TRY IT:
In this exercise, print only the lines of the records below from the one with "Conférence de presse" through the one with "Die Ideen und", inclusive. Pictures are not part of the copy.

*-*-*

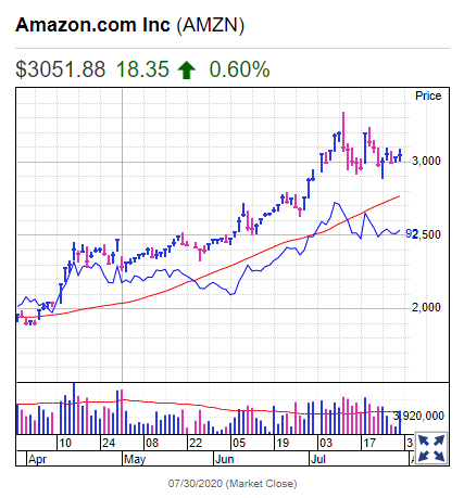 Các cổ phiếu này đang tiếp tục tăng điểm tốt sau các điểm breakout từ các nến giá kiến tạo. AMZN có báo cáo lợi nhuận quý 2 vượt dự báo và tiếp tục tăng vượt xa điểm mua 1,416 từ mẫu hình Cup and handle (đã breakout vào cuối tháng 5). Câu chuyện tương tự cũng đang xảy ra với Apple và Facebook
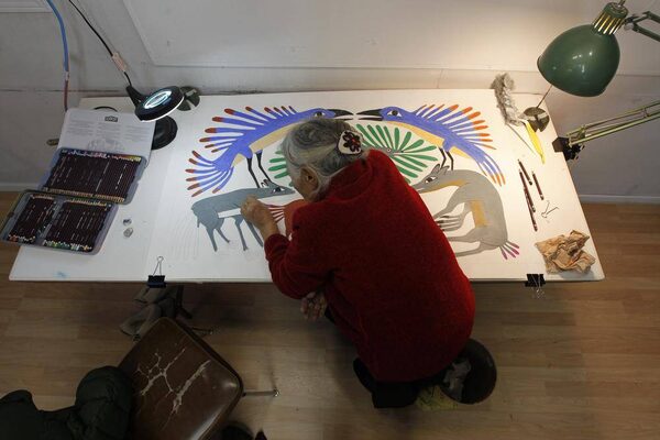 She is the last of the founding artists in the printmaking studio established by James Houston, then a government-appointed administrator, in Cape Dorset in the late 1950s. Houston gave her paper, but she made it her own, in drawings that combine the shadows and memories of the past with the luminosity of her imagination. At the core of the annual Cape Dorset release from the beginnings of the West Baffin Eskimo Co-operative in 1959, she had eight prints in last year's collection, including Bird Fanfare, which had a suggested retail price of $1,200. She never stopped working, never stopped experimenting with new materials and forms, from copper etching in the 1960s to sugar-lift paintings, a process in which paint is squished directly onto an etching plate, in the past decade. She also created an owl design for a stained glass window in a chapel at Appleby College in Ontario in 2004.
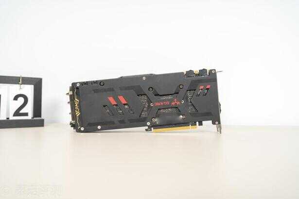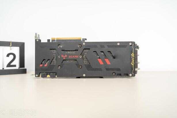 ▼显卡的背板整体是黑色的,上面点缀一些红色的元素,中间IGAME的LOGO,然后在核心和供电部分,背板上相应有一些开孔。和这张卡漂亮的正面相比,我感觉这张卡的背板就平淡无奇,造型也不漂亮,表面就是简单的喷砂,也没有漂亮的涂装,就感觉和显卡正面很不搭
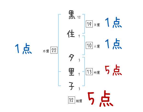 総運![]() | 黒住夕里子さんの総運は32画の5つ星!柔軟性があり成功する。チャンスが多く金運が良い。 あなたの人生を表す1番重要な運勢です。生涯を通じて影響する総合運となり、主に50歳以降の晩年期に影響を及ぼします。 |
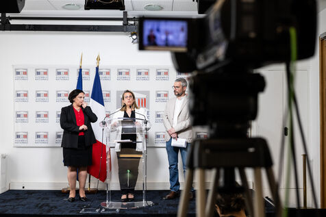 Conférence de presse de présentation par les députés Arnaud Bonnet (groupe Ecologiste et Social EcoS), Perrine Goulet (Les Democrates Modem), présidente de la Délégation aux droits des enfants, et Alexandra Martin (Droite Républicaine DR, ex Les Républicains), rapporteurs, du rapport de la mission d’information sur l'imprescriptibilité des violences commises sur des mineurs de la Délégation aux droits des enfants à l'Assemblée Nationale à Paris, France le 15 Avril 2026.
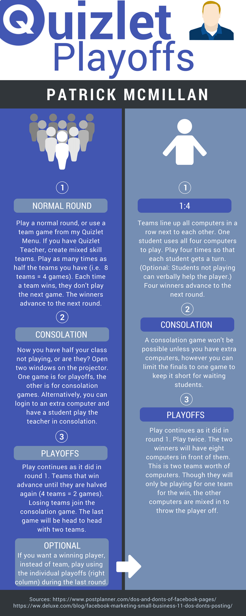Die Ideen und Vorschläge McMillans stellen eine gute Ergänzung zum klassischen Quizlet Live – Spiel dar. Hier sollen einige der Methoden mit freundlichem Einverständnis von Patrick McMillan und nach Übersetzung ins Deutsche vorgestellt werden.
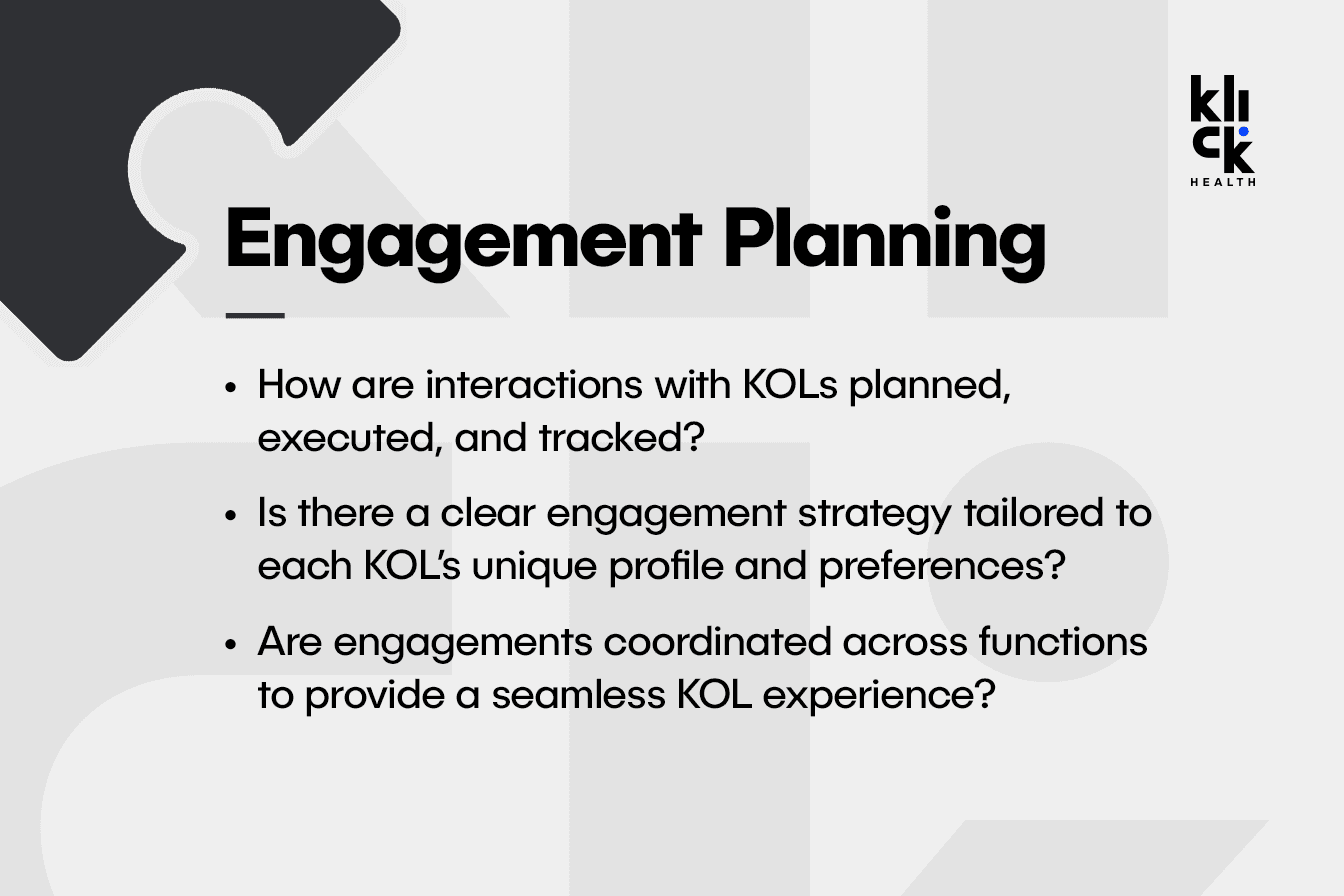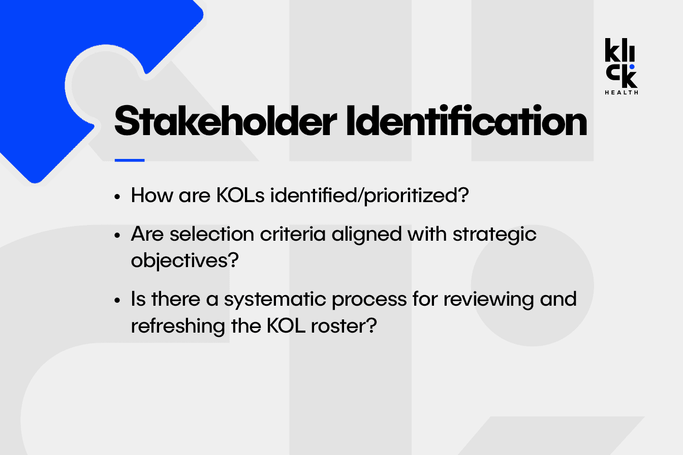 With both agency and client-side experience, Klick’s Strategic Stakeholder Engagement team provides a competitive edge by leveraging data-driven expert identification and proprietary planning frameworks. We believe that a diverse and expert stakeholder ecosystem is essential for achieving meaningful engagement. Collaborating with our clients, we focus on building key relationships, improving coordination with HCPs, KOLs, and DOLs, and optimizing engagement strategies. Our tools, like the Stakeholder Maturity Index, help enhance engagement opportunities at every stage of product development. This proprietary framework identifies and connects key stakeholders, breaking down silos to create a best-in-class engagement strategy.
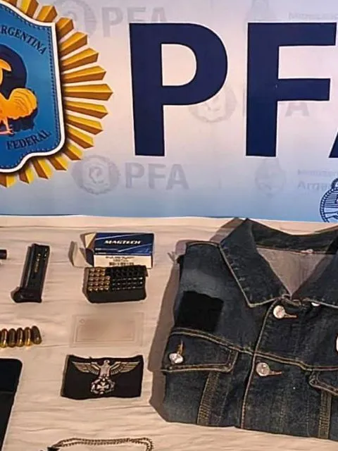 Además, se secuestraron dos armas de fuego (calibres 22 mm y 9 mm), 31 municiones de pistola, 37 cartuchos de escopeta, un cargador, dos teléfonos celulares, elementos con simbología de extrema derecha (entre ellos un paño con el águila imperial, un collar y un chaleco con la Cruz Celta) y diversa documentación de interés para la causa.

*-*-*

SOLUTION TO THE EXERCISE:
 Conférence de presse de présentation par les députés Arnaud Bonnet (groupe Ecologiste et Social EcoS), Perrine Goulet (Les Democrates Modem), présidente de la Délégation aux droits des enfants, et Alexandra Martin (Droite Républicaine DR, ex Les Républicains), rapporteurs, du rapport de la mission d’information sur l'imprescriptibilité des violences commises sur des mineurs de la Délégation aux droits des enfants à l'Assemblée Nationale à Paris, France le 15 Avril 2026.
Die Ideen und Vorschläge McMillans stellen eine gute Ergänzung zum klassischen Quizlet Live – Spiel dar. Hier sollen einige der Methoden mit freundlichem Einverständnis von Patrick McMillan und nach Übersetzung ins Deutsche vorgestellt werden.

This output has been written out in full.